В Неварре властвует король, и простой народ живет счастливо – насколько это возможно. А что же маги, морталитаси? Мы властвуем над королем. Мы тратим малую толику времени, помыкая одним человеком, а тот передает приказы дальше, чем избавляет нас от ненужных хлопот.
Мы занимаемся ритуалами. Их суть – не для вас: по-настоящему оценить ее могут лишь маги, которых здесь нет… Разве что Пристав меня поправит? Ах, эта загадочная тишина. Впрочем, морталитаси без труда извлечет из нее ответ.
Вам достаточно знать, что мы отыскиваем места, где Завеса тонка и Тень разливается могучей рекой. В таких местах наша магия позволяет делать с духами единственно верное и надлежащее, – связывать их, направляя течение нашей «реки». И та повинуется.
Это вовсе не ахинея, мой дорогой гном. Тот факт, что твой народ устойчив к магии, не отменяет ее влияния на весь мир.
У мага-морталитаси есть и другие занятия. Путеводцы надзирают за мертвыми, Дозор Скорби укрощает магию, вышедшую из-под контроля. Но такие, как я, подчиняют себе мир Тени… Мы – истинные маги, пусть кое-кто и критикует наши методы там, где мы их якобы не слышим.
Поэтому мы и приняли у себя тевинтерского мага, дабы совершить обряд. Он прибыл от имени дома Данариус с рассказом о злополучной судьбе его главы. Магу требовалась наша помощь, чтобы изменить мир к лучшему. Война с кунари, по его словам, далась Тевинтеру тяжело. Вы же слышали, что Антаам начал вторжение без одобрения других правящих ветвей кунари? Мы полагали, что без их поддержки экспансия замедлится, но на самом деле духовенство и ремесленники только сдерживали Антаам. В их отсутствие он разгромил войско Тевинтера на востоке. Опасаюсь, что все земли к востоку от Вирантиума, включая север Антивы, окажутся под контролем кунари самое большее через год.

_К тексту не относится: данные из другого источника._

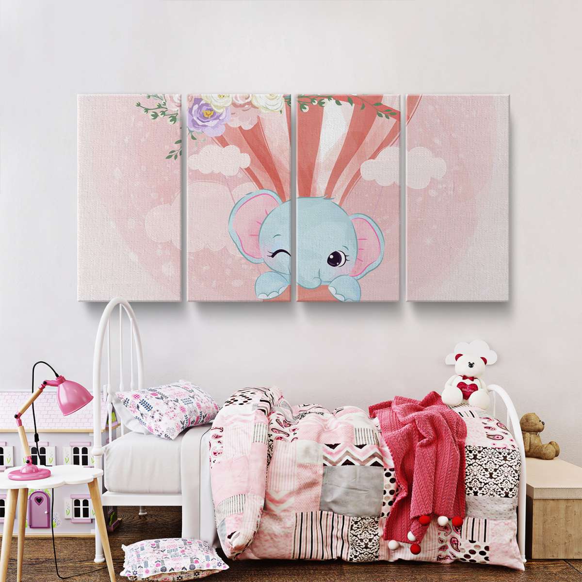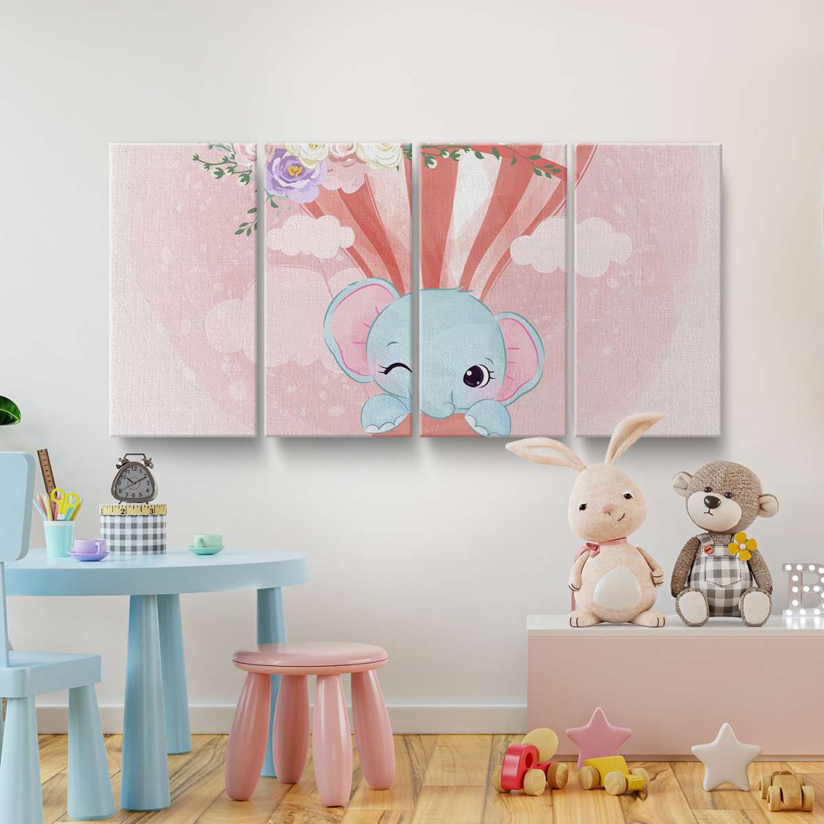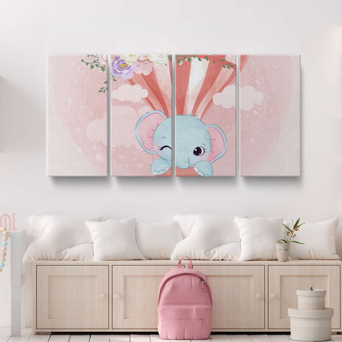 Slon v horkovzdušném balónu - akvarel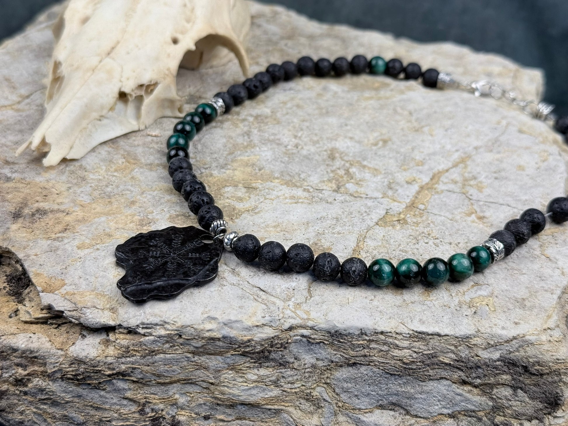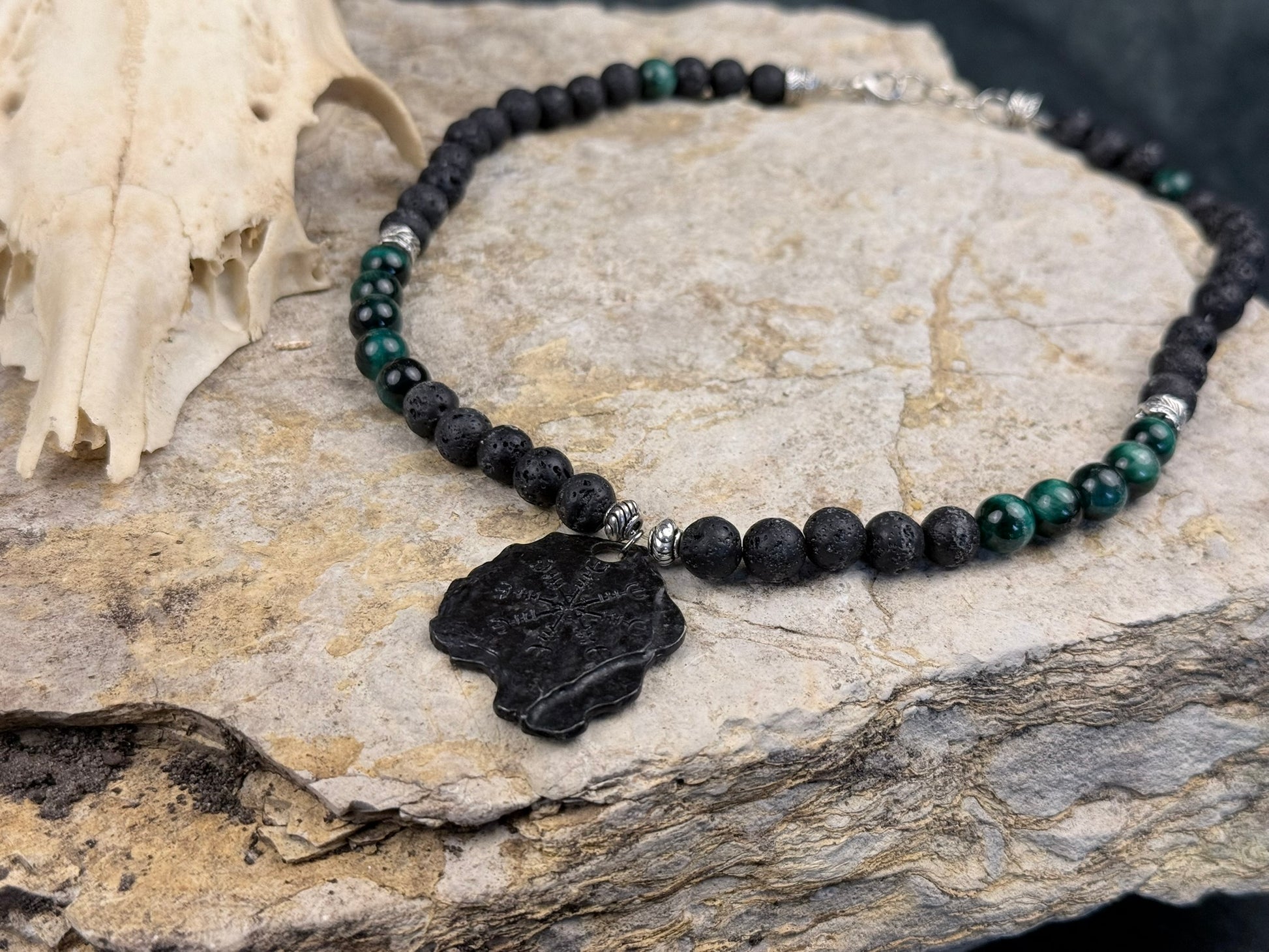 Nordpfad & Nachtgestein – Halskette mit Lavastein, grünem Tigerauge & Vegvisir-Anhänger
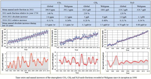 As analyzed from observational data at the seven China Meteorological Administration (CMA) background stations through 2011, averaged mole fractions in atmospheric CO2, CH4 and N2O also hit new highs in 2011, with the Waliguan station in Qinghai registering 392.2 ppm for CO2, 1861 ppb for CH4 and 324.7 ppb for N2O. As a record high since the observation was started in 1990, they are roughly equivalent to the averaged mole fractions in the northern mid-latitudes, but are slightly higher than the global averages in all these components (390.9 ppm, 1813 ppb and 324.2 ppb) over the same period. Global mole fractions in atmospheric CO2, CH4 and N2O increased by 2.0 ppm, 5 ppb and 1.0 ppb in absolute terms, from 2010 to 2011, while those at Waliguan by 2.2 ppm, 9 ppb and 1.1 ppb. Global annual averages in atmospheric CO2, CH4 and N2O over the past 10 years increased by 2.0 ppm, 3.2 ppb and 0.78 ppb in absolute terms, while those at Waliguan 2.1 ppm, 3.5 ppb and 0.80 ppb.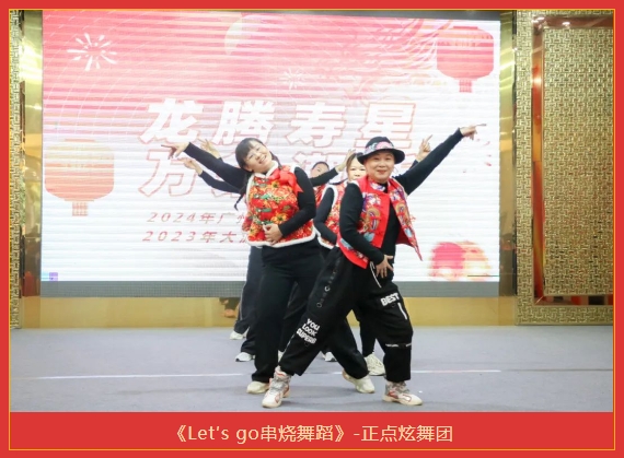 伴随着正点炫舞团带来的超燃Let′s go串烧开场舞表演,联欢会就此拉开了序幕。动感的旋律,炫酷的舞姿引得全场观众鼓掌欢呼。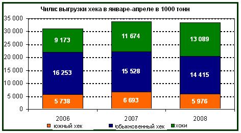 В январе-апреле 2008 года чилийский экспорт хека сократился, как по объему, так и по стоимости относительно того же периода 2007 года с 9.481 тонны на сумму 27,9 млн. долл в январе-марте 2007 года до 7.941 тонны на сумму 27,4 млн. долл в тот же периода 2008 года. Снижение объема составило 16%, в то время как стоимость снизилась всего на 2%. Это произошло вследствие 17% роста цен.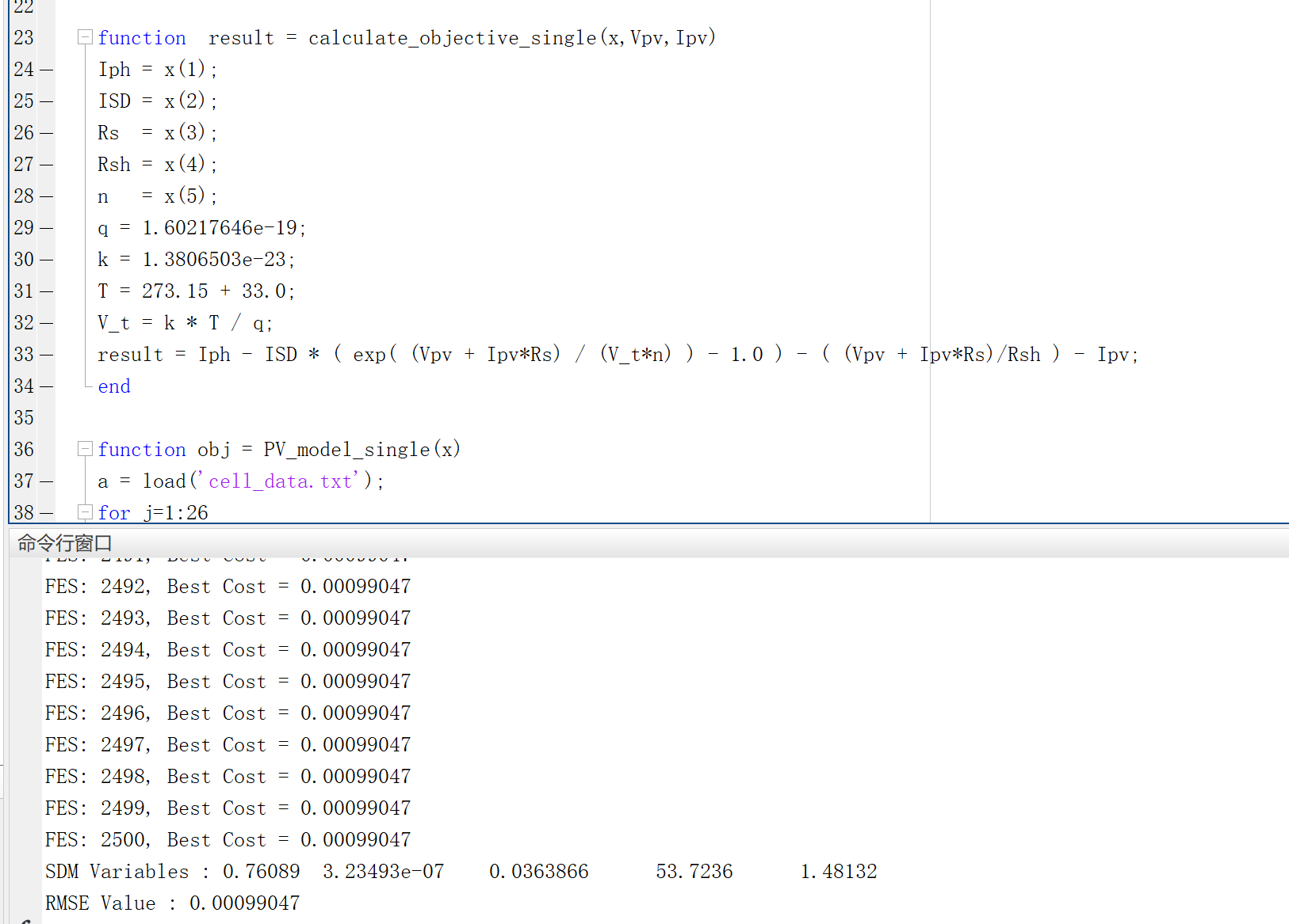 - 单二极管模型(SDM) :参数估计误差(RMSE)可降低至10−410−4量级。

Представляете, как Антаам станет управлять этими землями? Даже трусы с юга не ненавидят магию так, как кунари. Наши величайшие достижения, многовековые практики? Все будет уничтожено, нас заклеймят как «монстров», словно у кунари есть хоть какое-то право… Этого нельзя допустить. Я не снизойду до безмозглых глупцов, не способных даже увидеть демонов, которых я подчиняю лишь усилием воли.
И к тебе, орлесианец, это тоже относится. Твои доводы насчет безопасности и допустимости моего искусства я приму не раньше, чем ты войдешь в Тень и обуздаешь первозданный хаос одной силой мысли.
Маг, что обратился к нам, знал, как вынудить Антаам повернуть назад. Наш совместный ритуал мог направить Тень против кунари, чтобы каждый демон и хоть сколько-нибудь заинтересованный дух, беспрерывно являясь им во снах, побуждал их возвратиться на север и держаться подальше от человечества. Их решимость ослабнет, вторжение провалится, и все вернется на круги своя.
Весьма смелый план. Грубоватый, чего и следовало ожидать от тевинтерского мага, но, безусловно, манивший своей дерзостью. Мы ввели гостя в один из ритуальных залов в глубине Великого Некрополя, где покоятся наши величайшие маги. Их тела служат домом для связанных духов, которые подпитывают наши обряды.
Тевинтерца сопровождали рабы – мы не придали этому значения. Еще он принес то, что назвал вывезенным до падения дома Данариус древним эльфийским артефактом. Распахнув массивный сундучок с защитными рунами Хартии, маг достал артефакт – идол из красного лириума, изображавший двух любовников или скорбящего бога и его жертву, как вам больше нравится.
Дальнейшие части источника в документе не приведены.